File URL handling

Specification scope and status

This specification describes the current implementation.

Datalad datasets can record URLs for file content access as metadata. This is a feature provided by git-annex and is available for any annexed file. DataLad improves upon the git-annex functionality in two ways:

  1. Support for a variety of (additional) protocols and authentication methods.

  2. Support for special URLs pointing to individual files located in registered (annexed) archives, such as tarballs and ZIP files.

These additional features are available to all functionality that is processing URLs, such as get, addurls, or download-url.

Extensible protocol and authentication support

DataLad ships with a dedicated implementation of an external git-annex special remote named git-annex-remote-datalad. This is a somewhat atypical special remote, because it cannot receive files and store them, but only supports read operations.

Specifically, it uses the CLAIMURL feature of the external special remote protocol to take over processing of URLs with supported protocols in all datasets that have this special remote configured and enabled.

This special remote is automatically configured and enabled in DataLad dataset as a datalad remote, by commands that utilize its features, such as download-url. Once enabled, DataLad (but also git-annex) is able to act on additional protocols, such as s3://, and the respective URLs can be given directly to commands like git annex addurl, or datalad download-url.

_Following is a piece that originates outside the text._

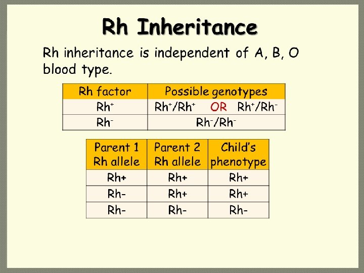 Practice… �On page 195 of your text: • read answer the following questions: • Snap Dragons: Show F 1 and F 2 generations from red and white flower cross, 4 x 4 punnett square. • Blood Types… � 1) List the 3 blood type alleles? � 2) List the 4 blood types and give their genotypes � 3) Which blood types demonstrate dominant and codominate traits? �Prepare for CSI Case….

Beyond additional protocol support, the datalad special remote also interfaces with DataLad’s Credential management. It can identify a particular credential required for a given URL (based on something called a “provider” configuration), ask for the credential or retrieve it from a credential store, and supply it to the respective service in an appropriate form. Importantly, this feature neither requires the necessary credential or provider configuration to be encoded in a URL (where it would become part of the git-annex metadata), nor to be committed to a dataset. Hence all information that may depend on which entity is performing a URL request and in what environment is completely separated from the location information on a particular file content. This minimizes the required dataset maintenance effort (when credentials change), and offers a clean separation of identity and availability tracking vs. authentication management.

Indexing and access of archive content

Another git-annex special remote, named git-annex-remote-datalad-archives, is used to enable file content retrieval from annexed archive files, such as tarballs and ZIP files. Its implementation concept is closely related to the git-annex-remote-datalad, described above. Its main difference is that it claims responsibility for a particular type of “URL” (starting with dl+archive:). These URLs encode the identity of an archive file, in terms of its git-annex key name, and a relative path inside this archive pointing to a particular file.

Like git-annex-remote-datalad, only read operations are supported. When a request to a dl+archive: “URL” is made, the special remote identifies the archive file, if necessary obtains it at the precise version needed, and extracts the respected file content from the archive at the correct location.

This special remote is automatically configured and enabled as datalad-archives by the add-archive-content command. This command indexes annexed archives, extracts, and registers their content to a dataset. File content availability information is recorded in terms of the dl+archive: “URLs”, which are put into the git-annex metadata on a file’s content.